AIM OF THE EXERCISE
Up to and including the line holding "tiene reverso antiderrapante.", write out the data exactly from its first line, but not the pictures.

- Opening Delimiter -

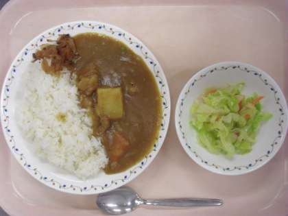 今日は、みんなの好きなカレーライスでした。世田谷区の献立では、毎月1回カレーライスが登場します。甘みの隠し味としてりんごやフルーツチャツネが使われています。
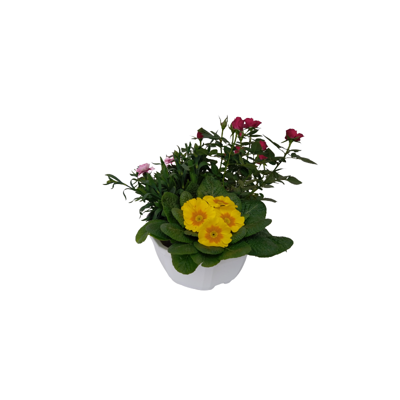 Composition extérieure avec Rosier 10.5 / Oeillet 10.5 / primevère
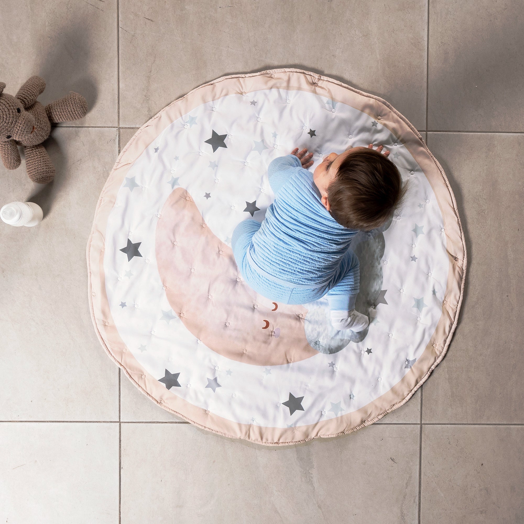 ¡Transforma el tiempo de juego en una experiencia celestial con nuestro tapete mágico de lunita y estrellas para bebé! Ideal para esos momentos de juego. Evita el paso del frío, además de que tiene reverso antiderrapante.
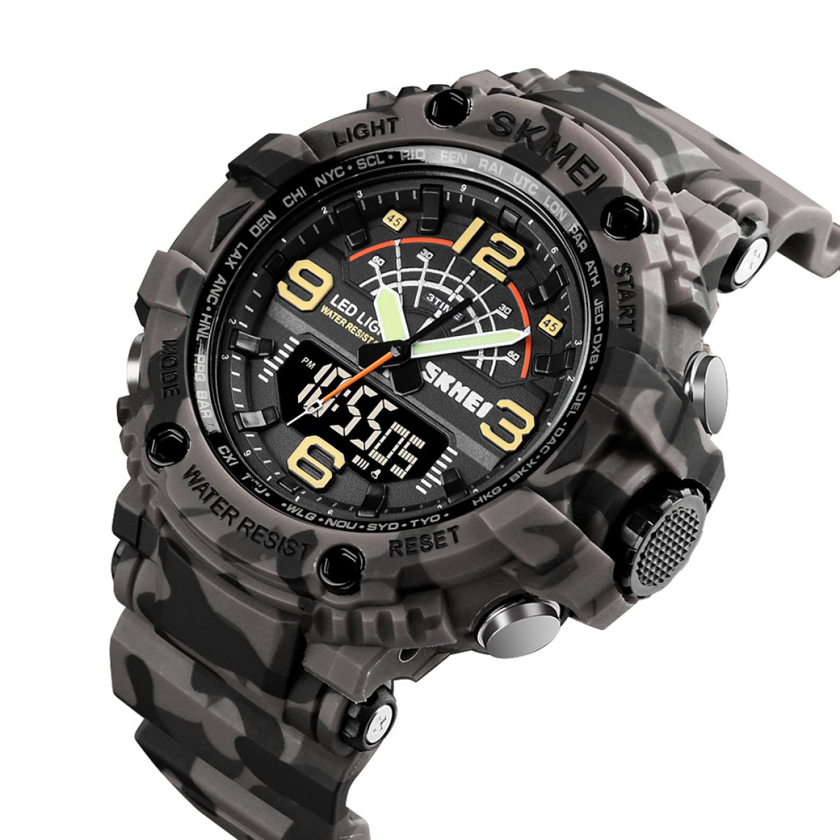 Часы Skmei 1617 Gray-Military – это идеальный выбор для мужчин, которые ценят спортивный и армейский стиль. С водонепроницаемостью до 50 метров, эти часы предназначены для активного использования. Корпус изготовлен из полимера, а ремешок – из каучука в стильном сером камуфляже. Модель оснащена кварцевым механизмом и стрелочно-электронным комбинированным циферблатом. Часы имеют ряд полезных функций, включая будильник, календарь, второй часовой пояс и секундомер. Электролюминесцентная подсветка обеспечивает удобство использования в темноте. Размеры корпуса составляют 55 х 56 мм, вес – 70 г, а длина ремешка – 27,5 см, ширина – 22 см. Часы имеют 12-месячную гарантию и изготовлены в Китае.
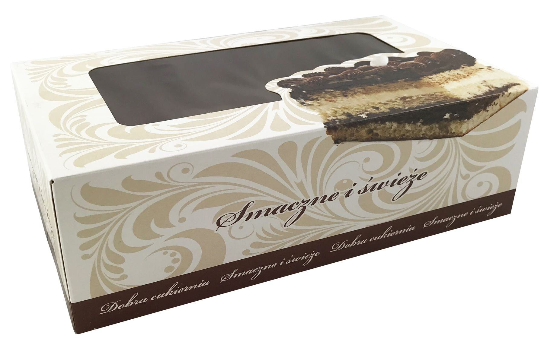 Jednoczęściowe pudełko cukiernicze do pakowania ciast. Całe pudełko jest oplecione estetycznymi ornamentami i uniwersalnym napisaem "smaczne i świeże". W dolnym rogu znalazło się również miejsce na apetyczny torcik.

- Closing Delimiter -

RESPONSE
 今日は、みんなの好きなカレーライスでした。世田谷区の献立では、毎月1回カレーライスが登場します。甘みの隠し味としてりんごやフルーツチャツネが使われています。
 Composition extérieure avec Rosier 10.5 / Oeillet 10.5 / primevère
 ¡Transforma el tiempo de juego en una experiencia celestial con nuestro tapete mágico de lunita y estrellas para bebé! Ideal para esos momentos de juego. Evita el paso del frío, además de que tiene reverso antiderrapante.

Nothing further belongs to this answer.